XVIe Festival
23 septembre - 2 octobre
Programme du Festival 2016

édito


Quand je travaillais entre Estinnes et Gosselies, dans une vie antérieure, en passant, je regardais bruler les palettes sur le rond point de Caterpillar. Nous, techniciens ouvriers dans cette PME qui venait tout juste de franchir le seuil des 50 salariés, on préparait notre première élection de délégués, et honnêtement, on les regardait avec admiration, les Caterpillar. Quand les palettes brulaient sur le rond-point, quand la route du zoning était fermée, on klaxonnait tous avec ardeur. Les plus chauds ouvraient le carreau de la camionnette pour lever le poing, agiter un foulard du syndicat, ou lancer un slogan, un encouragement. De cette période je retiens le concret. Pas seulement le concret du cambouis, des roulements, des clés dynamométriques et des moteurs à courant continu. Surtout le concret de la lutte des classes. Tous ces cravatés dans les tours de verre et de béton, comment agiraient-ils si dans leur vie, une fois au moins ils avaient été directement les mains dans le cambouis, le cambouis de la lutte des classes ?... Nous devons leur imposer un monde dans lequel virer quelqu’un aille nécessairement au delà d’une signature sur un papier, parmi mille papiers. Que virer quelqu’un implique, au moins, de perdre sa chemise, et de rembourser les cadeaux fiscaux perçus…
Et mieux encore. Nous devons leur imposer un monde dans lequel chacun travaille pour tous. Comme il le veut. Dans lequel chacun reçoit un salaire à vie. Dans lequel le directeur financier serait aussi l’éboueur une partie de l’année.

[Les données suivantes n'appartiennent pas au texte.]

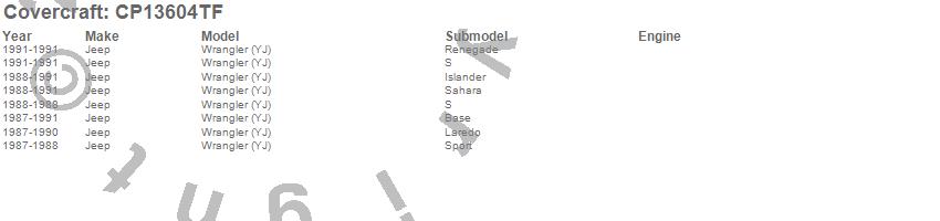 Below is an abbreviated list of applications for the Custom Cab Cooler.Wrangler (YJ), Jeep, 1991, 1990, 1989, 1988, 1987

Remballer ce monde dans lequel les journaux sortent les classements des belges les plus riches, pendant que certains salariés n’ont pas de quoi se loger, se chauffer, se procurer une alimentation saine, et rêver…
Et la jeunesse, dont on entend qu’elle n’a pas de repères politiques, est captive d’un système qui la broie.
Tailler notre temps à la tronçonneuse, fracturer entre travail et chômage, exclure d’une main et de l’autre obliger à rendre des comptes.
Y’en a marre. Nous, on veut la lune, bougres de faux jetons à la sauce tartare.